At the 1902 International Congress of Americanists in New York, Chavero gave some credit to the French project headed by Joseph Florimond Loubat for major discoveries at Monte Albán. This public declaration before the International Congress of Americanists, including those by Eduard Seler and Franz Boas, were interrupted by Leopoldo Batres, inspector national monuments and Chavero's rival. Batres had excavated at Monte Albán and strenuously objected to Chavero's assertions, since the work was paid for by the Mexican government.

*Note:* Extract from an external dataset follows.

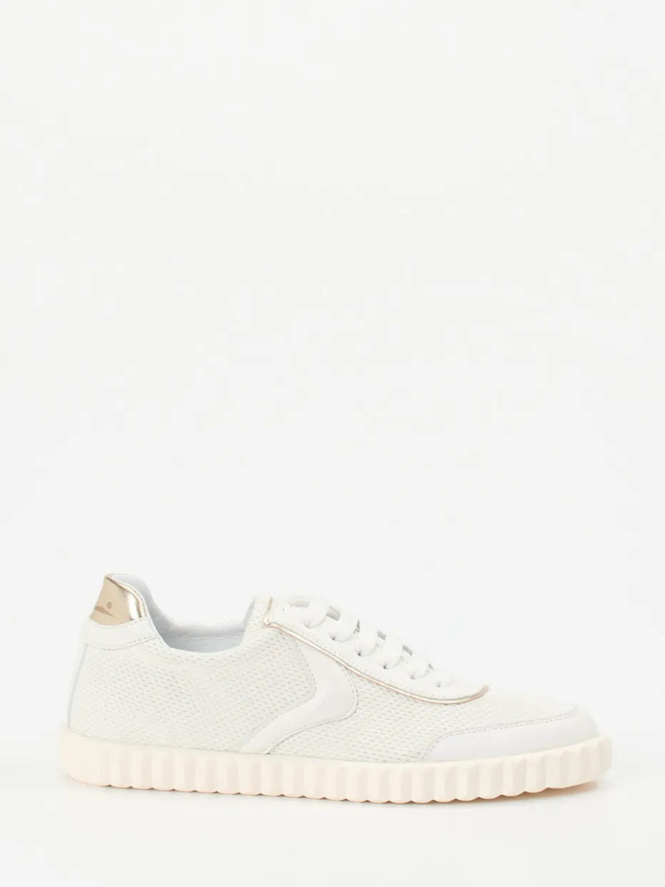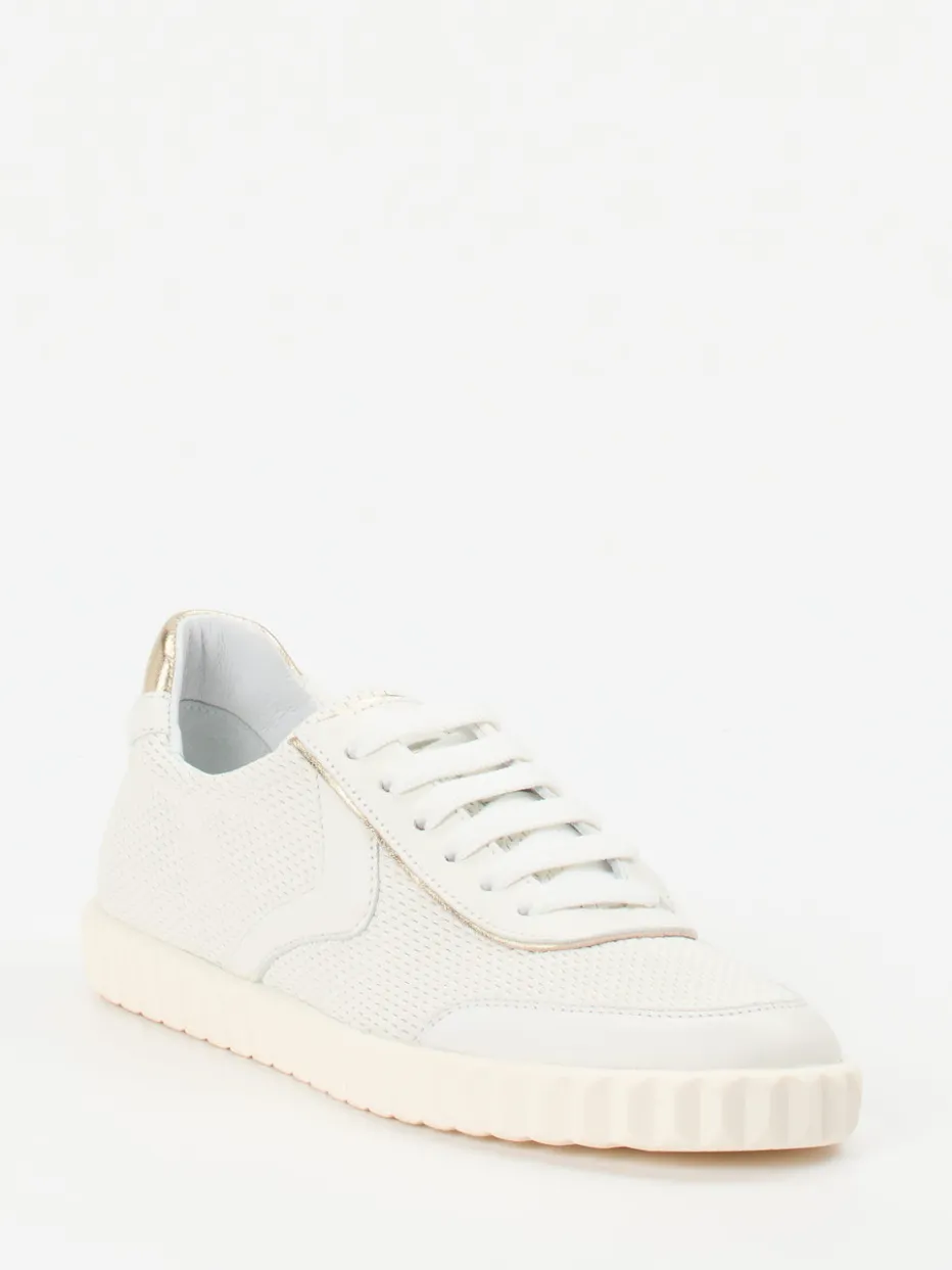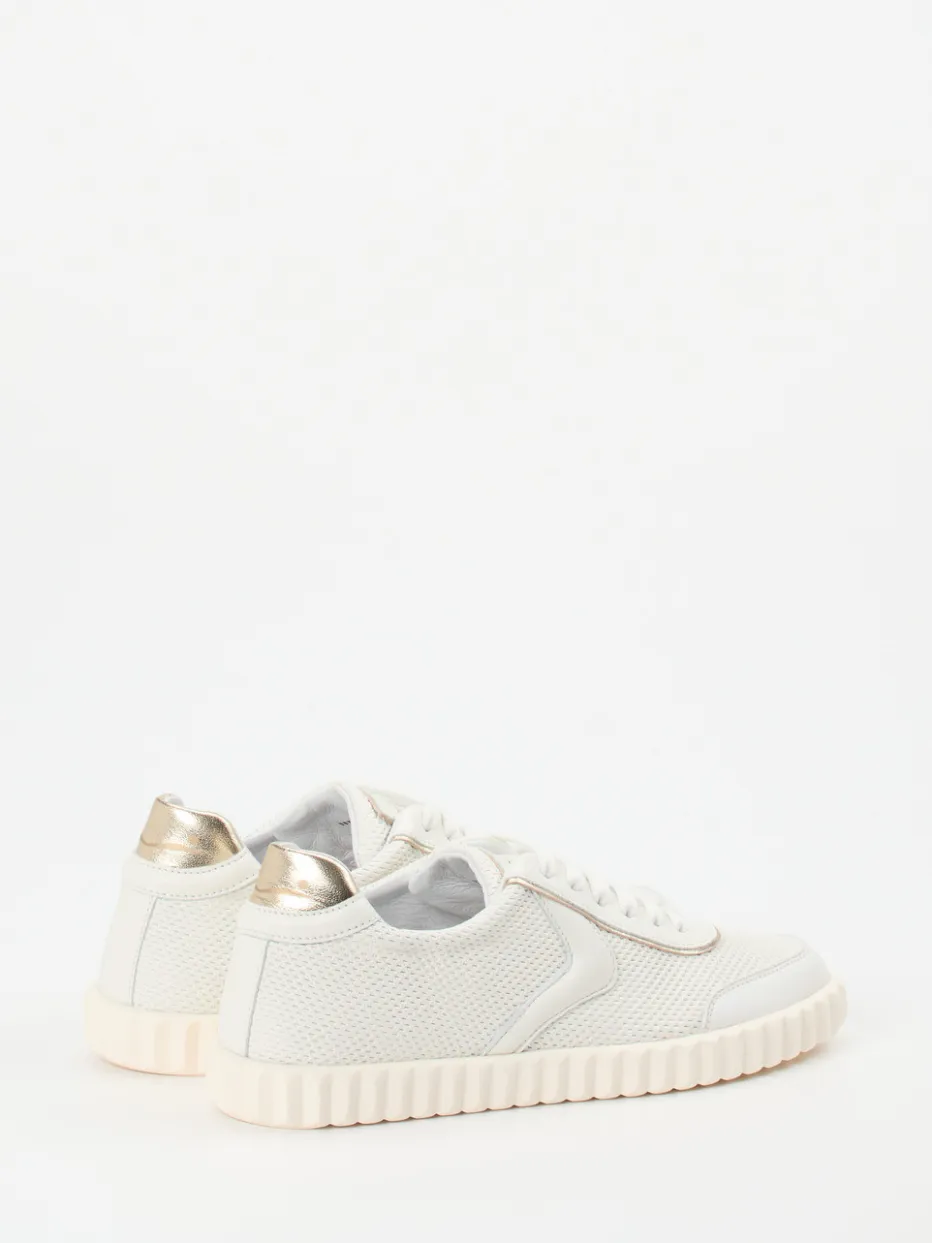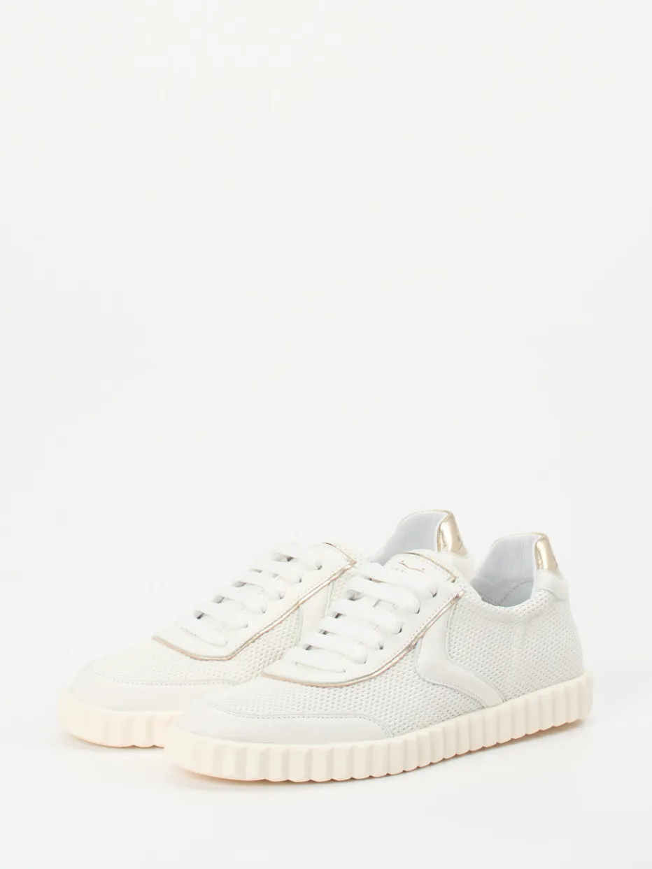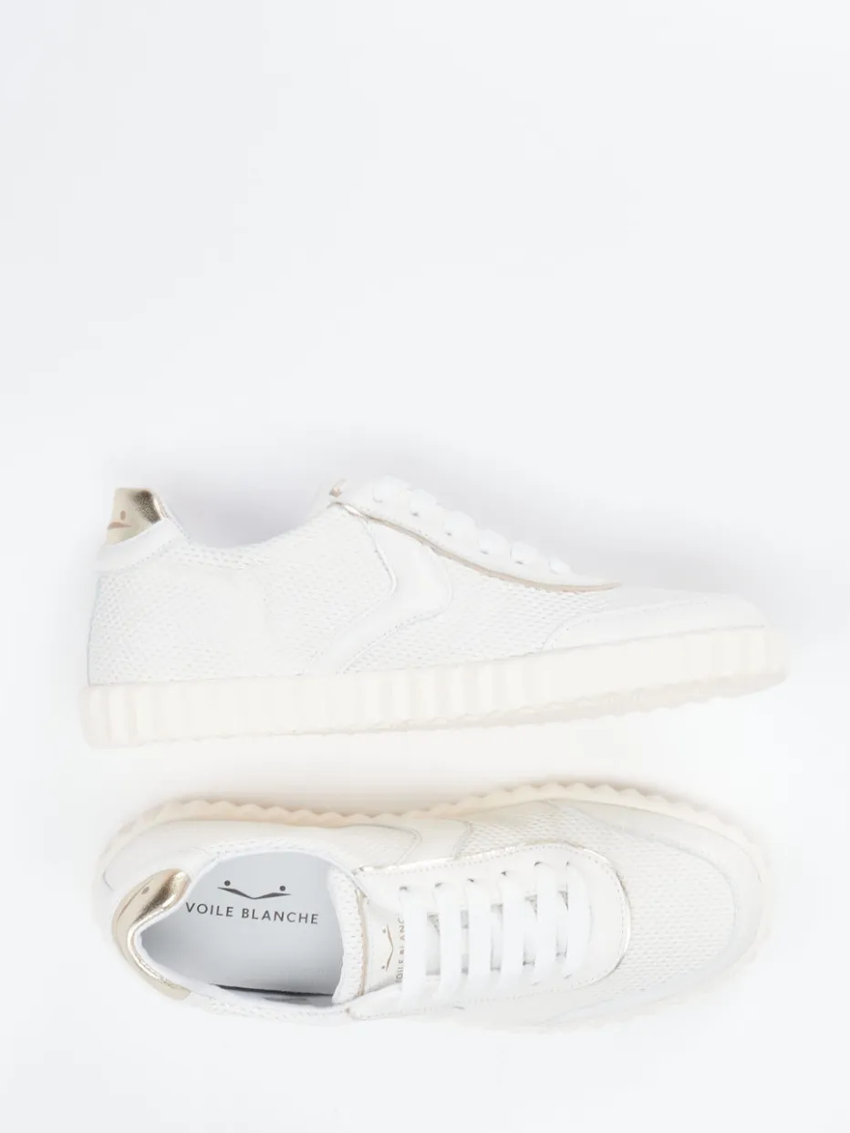 Leichtigkeit im Sommer-Look.Voile Blanche präsentiert einen Damen-Sneaker mit sportiv-elegantem Charakter für Frühjahr und Sommer. Ideal für entspannte Alltagsmomente in der Stadt oder auf Reisen überzeugt das Modell mit atmungsaktivem Mesh und samtigem Lammleder in Offwhite. Die klassisch flache Silhouette wird durch eine goldfarbene Fersenkappe und Ton-in-Ton-Nähte akzentuiert. Innen sorgt ein hochwertiges Kalblederfutter mit gepolstertem Wechselfußbett für besonderen Tragekomfort. Die geriffelte Gummisohle bietet Flexibilität und Bodenhaftung – perfekt für Streetwear-inspirierte „Quiet Luxury“-Looks. Ein subtiler Allrounder für stilbewusste Freizeitgarderoben.

Chavero donated the Chavero Codex of Huexotzingo to the National Museum of Mexico in 1906.

==Poetry ==
Chavero is the author of the dramas "La Reina Xochitl" and "La tempestad de un beso," "Quetzalcoatl," "Los amores de Alarcón," "La hermana de los Ávilas," "El mundo de ahora," and more.

== Works ==
A selected list of Chavero's writings of ethnohistorical interest is published in the Handbook of Middle American Indians.
- Discurso pronunciado en los funerales del C. Benito Juarez presidente de los Estados-Unidos Mexicanos (1872).
- Estudio sobre la Piedra del Sol (1875) y (1877-1903).
- Calendario azteca: ensayo arqueológico por Alfredo Chavero (1876).
- Biografía de Sahagún (1877).
- Sahagun. Estudio por Alfredo Chavero (1877).
- Bienaventurados los que esperan. Comedia en tres actos y en prosa (1878).
- Quetzalcóatl. Ensayo trágico en tres actos y en verso (1878).
- Los amores de Alarcon. Poema dramático en tres actos y en prosa (1879).
- Xóchitl. Drama en tres actos y en verso (1879).
- ¡El huracán de un beso! Drama en dos actos y en prosa, precedido de una introducción, original de Alfredo Chavero (1886).
- Explicaciones del Códice Aubin (1890).
- Explicaciones sobre el Lienzo de Tlaxcala (1892).
- Explicaciones sobre el Códice Borgia (1900).
- Apuntes viejos de bibliografía mexicana (1903).
- Obras del Lic. Don Alfredo Chavero, miembro de número de la Academia Mexicana de la Lengua y correspondiente de la Española. Tomo I: Escritos diversos (1904).
- Discurso pronunciado el 24 de septiembre de 1904 en el Congreso de Artes y Ciencias de la Exposición Universal de San Luis Missouri (1905).
- Calendario de Palemke: signos cronográficos. Primera parte (1906).
- Edición de Historia chichimeca de Fernando de Alva Ixtlilxóchitl (1891-1892).
- Edición de Historia de Tlaxcala de Diego Muñoz Camargo (1892).